When Mick returns and unlocks the metal cuffs on my wrists, I can’t stop the whimper as my raw skin is exposed to the air. He curses under his breath and reaches down. Yanking me to my feet, I stumble behind him as he drags me to the shower. I don’t protest as he pulls the soiled shirt off me nor when he pushes me into the falling water. The second the warm water hits my skin I groan, tipping my head back and enjoying the feeling. After a few moments, I peek my eyes open and see Mick staring at me with undeniable hunger and I can’t help but shudder under his intense gaze.

I try to cover myself with my arms but he grabs my wrists and yanks them back down. I cry out as the rough treatment reopens the wounds, biting my lip to stop from reacting more. I’m not sure what has caused him to want me again, but from the look in his eyes, my cries are only going to make this worse for me.

Mick drops my wrists and reaches over my head, grabbing the bottle of his body wash. Lathering his hands, he meticulously washes every part of my body. I watch him as his hands glide over my skin with a surprising tenderness, stiffening as he passes his hands between my legs. He proceeds without a reaction, almost clinical in his movements. He washes every inch of my body thoroughly twice before putting the bottle back on the shelf. Spinning me around, he massages shampoo into my hair. I bite my lip to hold back the moan as his fingers work my scalp.
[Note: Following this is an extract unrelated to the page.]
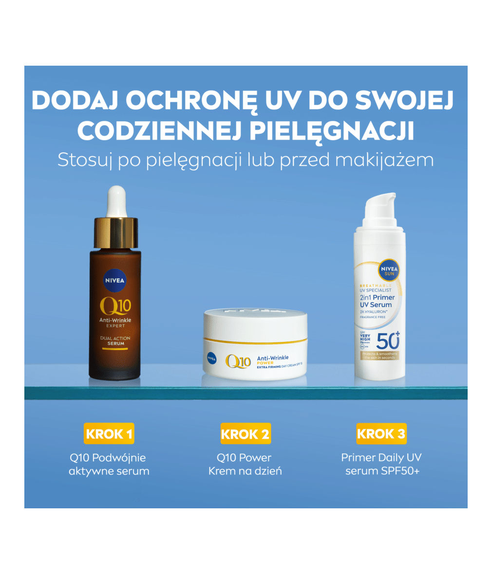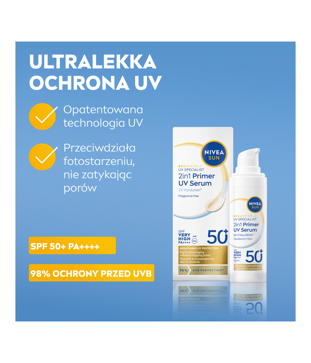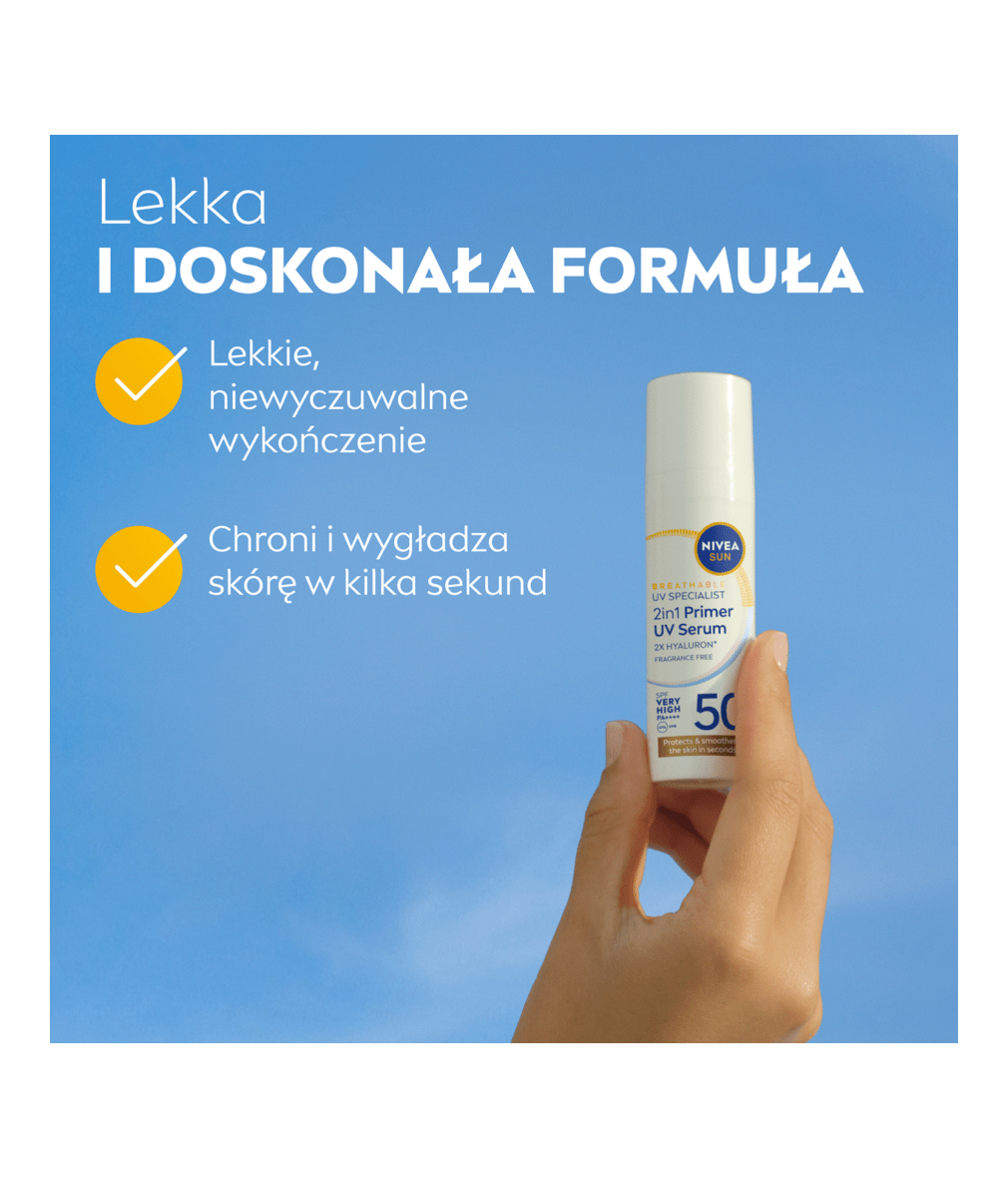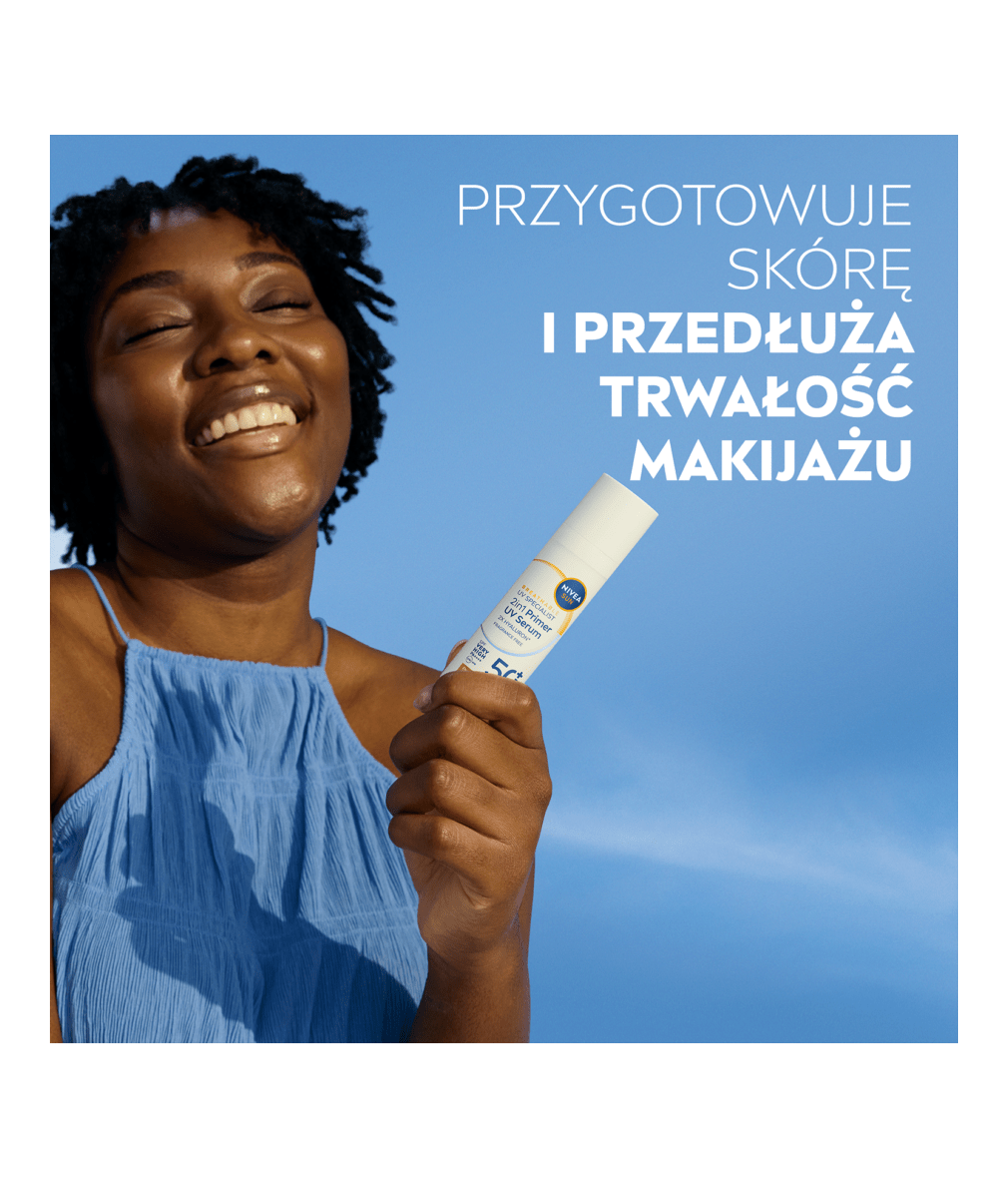 Innowacyjna, lekka formuła przeciwsłoneczna NIVEA Primer Daily UV Serum 2w1 z bardzo wysoką ochroną SPF50+. Chroni zdrową skórę przed promieniami UVA/UVB. Idealna do codziennego stosowania jako baza pod makijaż. Niewidoczne wykończenie, niezależnie od karnacji skóry.

I can’t marry the man in the shower with me to the man who has had me inhumanely chained to his wall. This man seems to care about me, the other would step on me as if I were nothing more than a bug.

I’m lost in my thoughts as I hear the water switch off. I immediately stiffen, terrified of what’s going to happen next. Mick doesn’t say anything as he grabs a towel and dries me off. I stay as still as possible as he pulls another of his oversized shirts over my head, leaving me bare again from the waist down.

When he stills, I look up at him.

Mick has his eyes closed and is breathing heavily through his nose. I watch as his chest rises and falls with each breath. I’m unable to tell what he’s thinking but something about his obvious discomfort causes a tiny bud of hope to bloom in my chest. I rub my fingernails against my skin to distract myself.

I can’t let those emotions start, it will only make it worse when he decides to let his monster out again.

Slowly, I turn to face him and he opens his eyes. I’m conflicted as I stare at him.